> [Try it]
Return the whole listing unchanged. Drop the images.

> [Working data]
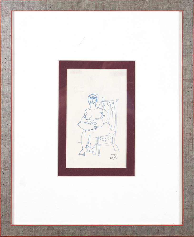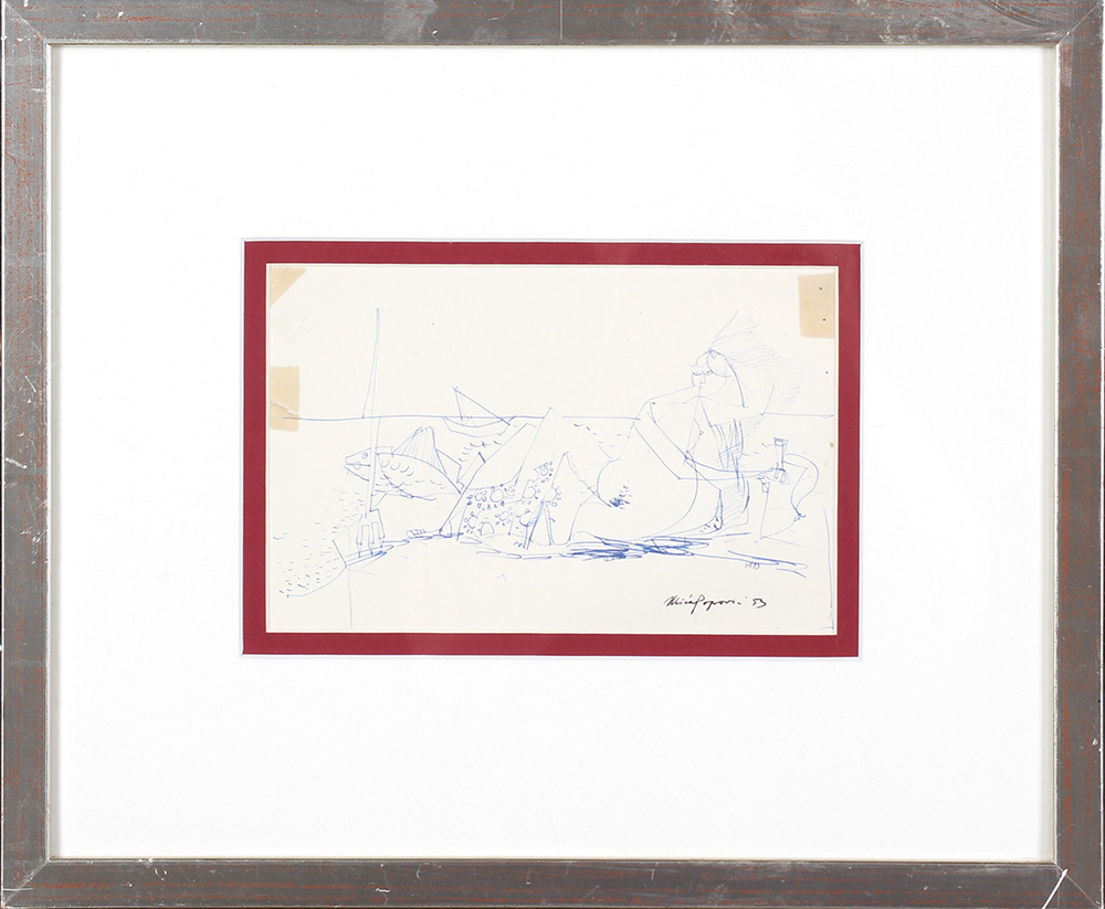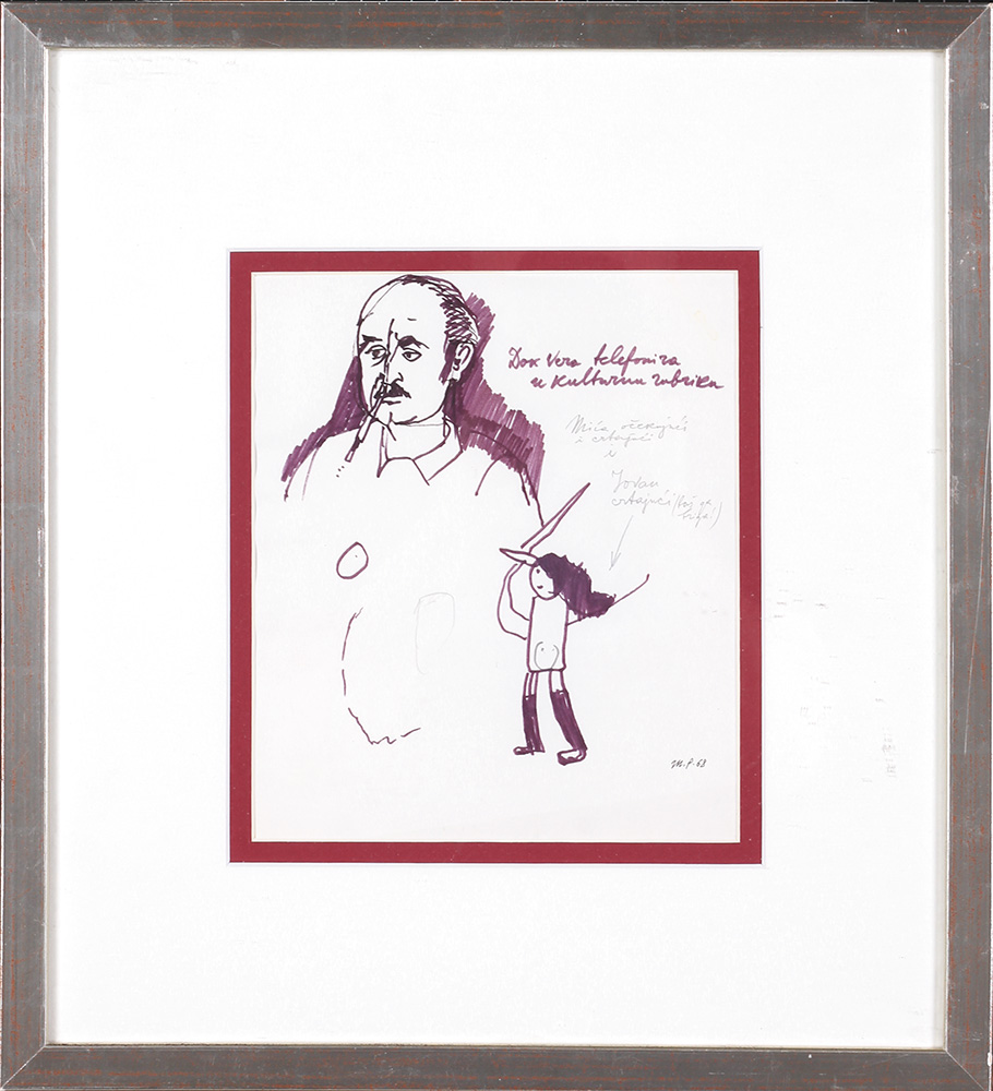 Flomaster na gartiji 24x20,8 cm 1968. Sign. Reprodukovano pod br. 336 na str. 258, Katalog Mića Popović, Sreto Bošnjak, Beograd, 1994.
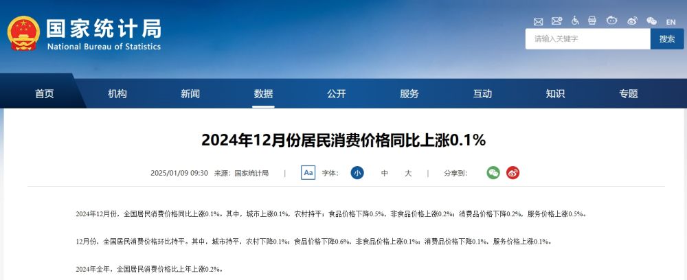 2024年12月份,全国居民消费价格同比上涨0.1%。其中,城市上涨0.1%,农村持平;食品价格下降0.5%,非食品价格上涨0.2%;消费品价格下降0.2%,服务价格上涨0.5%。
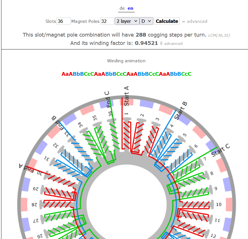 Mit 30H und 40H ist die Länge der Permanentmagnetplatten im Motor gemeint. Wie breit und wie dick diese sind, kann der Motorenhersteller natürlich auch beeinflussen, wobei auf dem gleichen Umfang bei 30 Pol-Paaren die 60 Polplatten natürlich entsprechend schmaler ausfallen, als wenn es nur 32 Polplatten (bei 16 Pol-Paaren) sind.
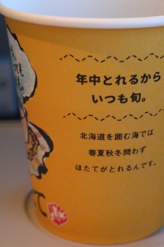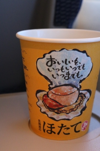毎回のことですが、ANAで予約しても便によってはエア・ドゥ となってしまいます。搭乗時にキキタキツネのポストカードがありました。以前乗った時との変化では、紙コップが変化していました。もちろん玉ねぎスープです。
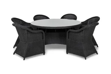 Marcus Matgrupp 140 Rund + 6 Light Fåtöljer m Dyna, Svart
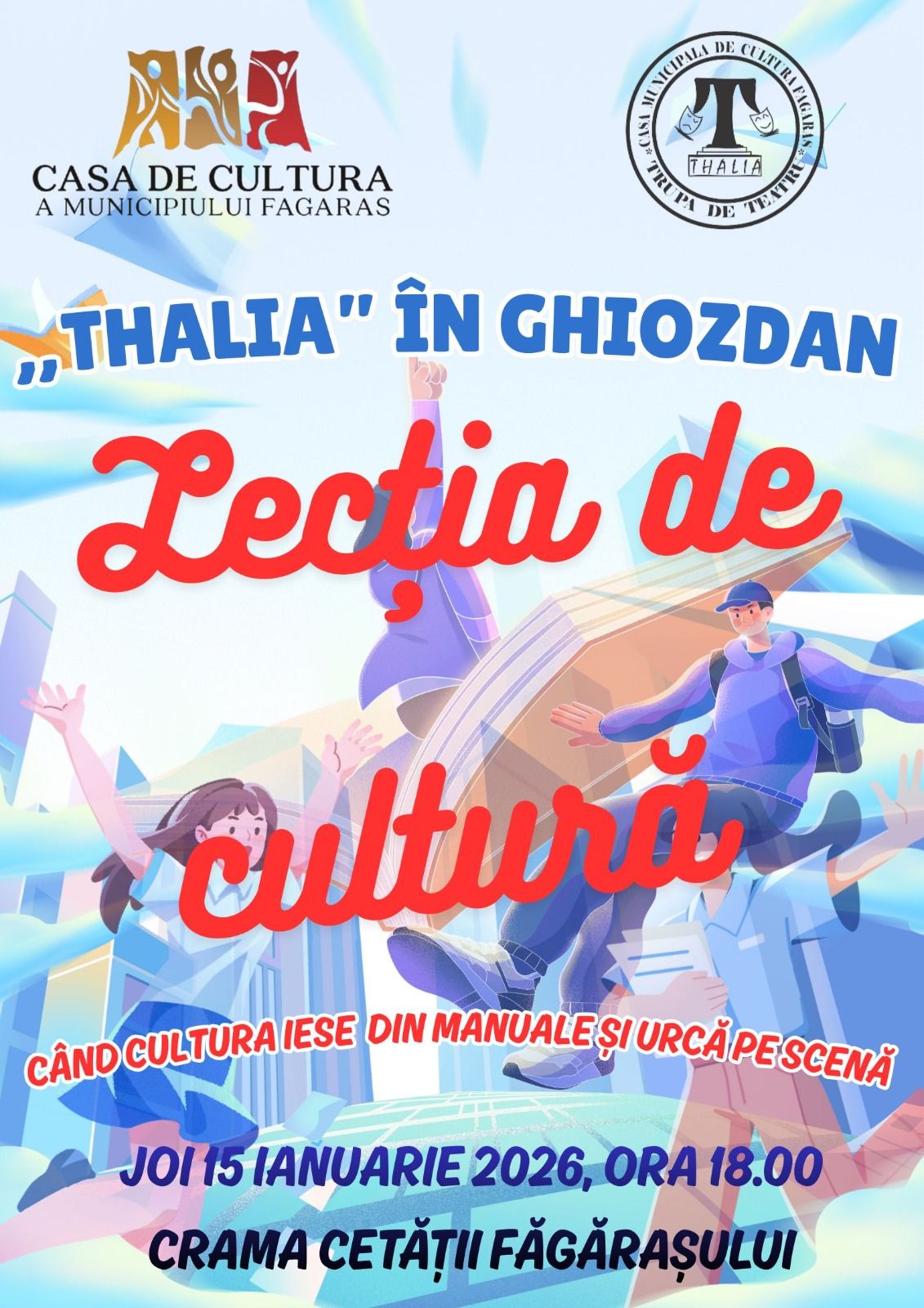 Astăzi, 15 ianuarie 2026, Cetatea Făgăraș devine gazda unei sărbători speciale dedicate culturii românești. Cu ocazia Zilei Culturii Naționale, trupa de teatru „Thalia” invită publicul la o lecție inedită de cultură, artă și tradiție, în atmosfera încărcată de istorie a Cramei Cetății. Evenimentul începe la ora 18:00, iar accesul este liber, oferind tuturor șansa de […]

> [Final answer]
 Flomaster na gartiji 24x20,8 cm 1968. Sign. Reprodukovano pod br. 336 na str. 258, Katalog Mića Popović, Sreto Bošnjak, Beograd, 1994.
 2024年12月份,全国居民消费价格同比上涨0.1%。其中,城市上涨0.1%,农村持平;食品价格下降0.5%,非食品价格上涨0.2%;消费品价格下降0.2%,服务价格上涨0.5%。
 Mit 30H und 40H ist die Länge der Permanentmagnetplatten im Motor gemeint. Wie breit und wie dick diese sind, kann der Motorenhersteller natürlich auch beeinflussen, wobei auf dem gleichen Umfang bei 30 Pol-Paaren die 60 Polplatten natürlich entsprechend schmaler ausfallen, als wenn es nur 32 Polplatten (bei 16 Pol-Paaren) sind.
毎回のことですが、ANAで予約しても便によってはエア・ドゥ となってしまいます。搭乗時にキキタキツネのポストカードがありました。以前乗った時との変化では、紙コップが変化していました。もちろん玉ねぎスープです。
 Marcus Matgrupp 140 Rund + 6 Light Fåtöljer m Dyna, Svart
 Astăzi, 15 ianuarie 2026, Cetatea Făgăraș devine gazda unei sărbători speciale dedicate culturii românești. Cu ocazia Zilei Culturii Naționale, trupa de teatru „Thalia” invită publicul la o lecție inedită de cultură, artă și tradiție, în atmosfera încărcată de istorie a Cramei Cetății. Evenimentul începe la ora 18:00, iar accesul este liber, oferind tuturor șansa de […]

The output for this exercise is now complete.